Gemini 2.0: Level Up Your Apps with Real-Time Multimodal Interactions

12月 23, 2024
Ivan Solovyev Product Manager

Human-to-human communication is naturally multimodal, involving a mix of spoken words, visual cues, and real-time adjustments. With the Multimodal Live API for Gemini we've achieved this same level of naturalness in human-computer interaction. Imagine AI conversations that feel more interactive, where you can use visual inputs and receive context-aware solutions in real-time, seamlessly blending text, audio, and video. The Multimodal Live API for Gemini 2.0 enables this type of interaction and is available in Google AI Studio and Gemini API. This technology allows you to build applications that respond to the world as it happens, leveraging real-time data.


How it works

The Multimodal Live API is a stateful API utilizing WebSockets to facilitate low-latency, server-to-server communication. This API supports tools such as function calling, code execution, search grounding, and the combination of multiple tools within a single request, enabling comprehensive responses without the need for multiple prompts. This allows developers to create more efficient and complex AI interactions.

Key features of the Multimodal Live API include:

  • Bidirectional streaming: Allows for concurrent sending and receiving of text, audio and video data.

  • Sub-second latency: Outputs the first token in 600 milliseconds aligning reaction times with human expectation for seamless response.

  • Natural voice conversations: Supports human-like voice interactions, including the ability to interrupt and features like voice activity detection, enabling more fluid dialogue with AI.

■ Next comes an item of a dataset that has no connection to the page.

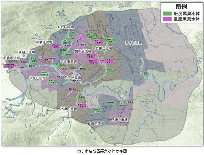 根据2015年普查结果,南宁建成区有13条内河,共38个河段属于黑臭水体,黑臭水体总长度99.4公里、总水域面积1.41平方公里。2018年南宁转变治理思路,从“末端治理”和“只治水里”转向“全过程治理”和“水陆同治”,但在实施过程中仍然存在三方面问题:一是治理方式过于依赖灰色设施,尤其是调蓄池设计规模较大;二是污水收集处理效能低,污水厂进厂bod浓度不高,排水系统建设“重厂轻网”;三是排水管网历史欠账多,存在污水管道缺失、污水管网淤堵破损、雨污水管道错混接等突出问题。
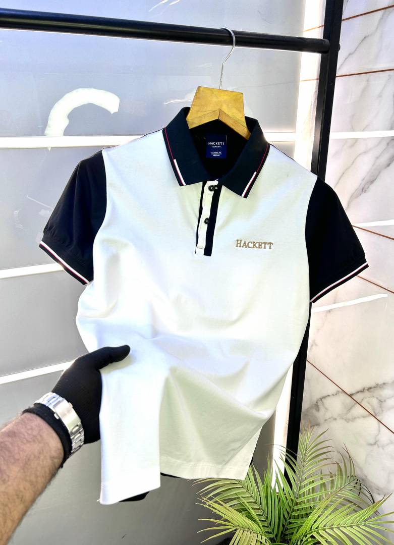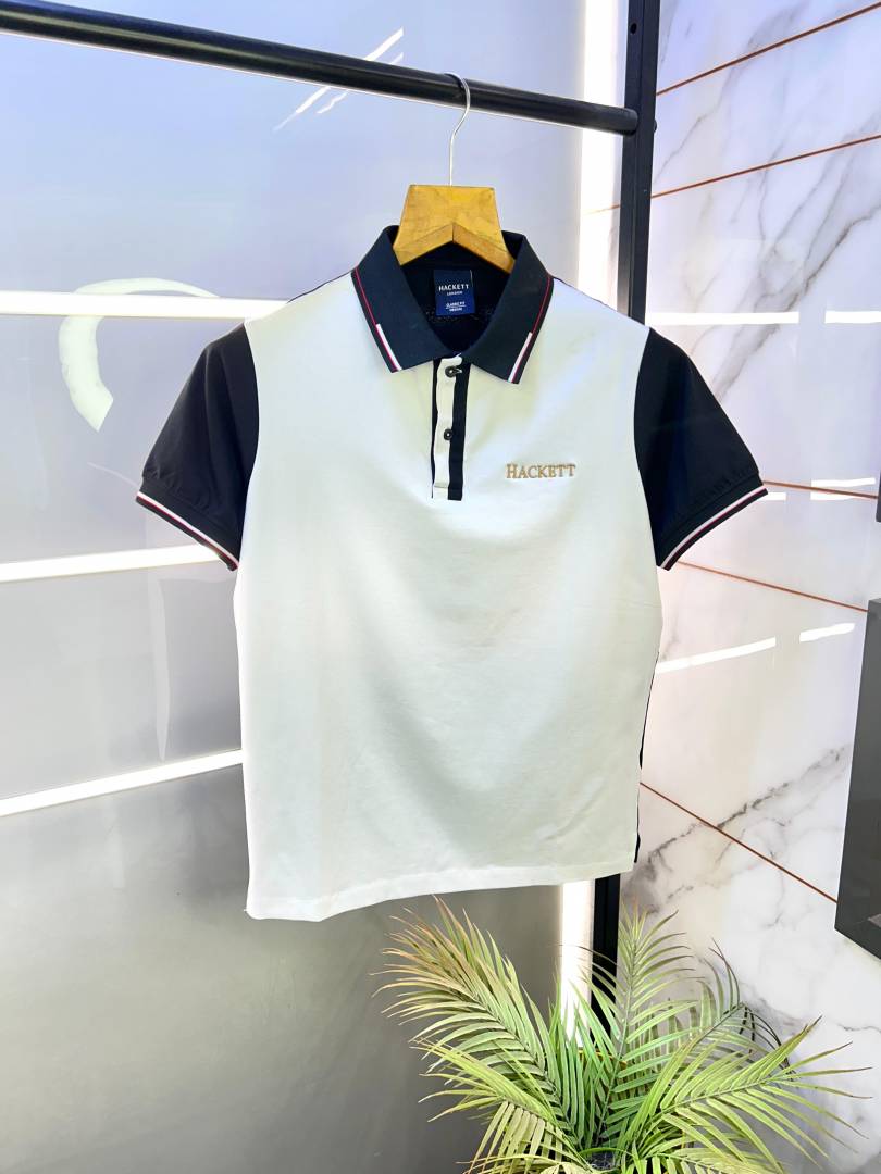 Hacket t London White Embroidery Back Print Premium Collar Neck T-shirt F2863-WH

  • Video understanding: Provides the ability to process and understand video input, enabling the model to combine both audio and video contexts for a more informed and nuanced response. This contextual awareness brings another layer of richness to the interaction.

  • Tool integration: Facilitates the integration of multiple tools within a single API call, extending the API's capabilities and allowing it to perform actions on behalf of the user to solve complex tasks.

  • Steerable voices: Offers a selection of five distinct voices with a high level of expressiveness, capable of conveying a wide spectrum of emotions. This allows for a more personalized and engaging user experience.


Multimodal live streaming in Action

The Multimodal Live API enables a variety of real-time, interactive applications. Here are a few examples of use cases where this API can be effectively applied:

  • Real-Time Virtual Assistants: Imagine an assistant that observes your screen and offers tailored advice in real-time, telling you where to find what you are looking for or executing actions or your behalf.

  • Adaptive Educational Tools: The API supports the development of educational applications that can adapt to a student's learning pace, for example, a language learning app could adjust the difficulty of exercises based on a student's real-time pronunciation and comprehension.

To help you explore this new functionality and kick start your own exploration we've created a bunch of demo applications showcasing realtime streaming capabilities:

A starter web application for streaming mic, camera or screen input. A perfect base for your creativity:

Link to Youtube Video (visible only when JS is disabled)

Full code and a getting started guide available on Github: https://github.com/google-gemini/multimodal-live-api-web-console.


Chat with Gemini about the weather. Select a location and have a gemini powered character explaining the weather in that location. You can interrupt and ask a follow up question anytime.

Link to Youtube Video (visible only when JS is disabled)

Getting Started with the Multimodal Live API

Ready to dive in? Experiment with Multimodal Live Streaming directly in Google AI Studio for a hands-on experience. Or, for full control, grab the detailed documentation and code samples to start building with the API today.

We've also partnered with Daily, to provide a seamless integration via their pipecat framework, enabling you to add real-time capabilities to your apps effortlessly. Daily.co, creators of the pipecat framework, is a video and audio API platform that makes it easy for developers to add real-time video and audio streaming to their websites and apps. Check out Daily's integration guide to get started building.

We're excited to see your creations - share your feedback and the amazing applications you build with the new API!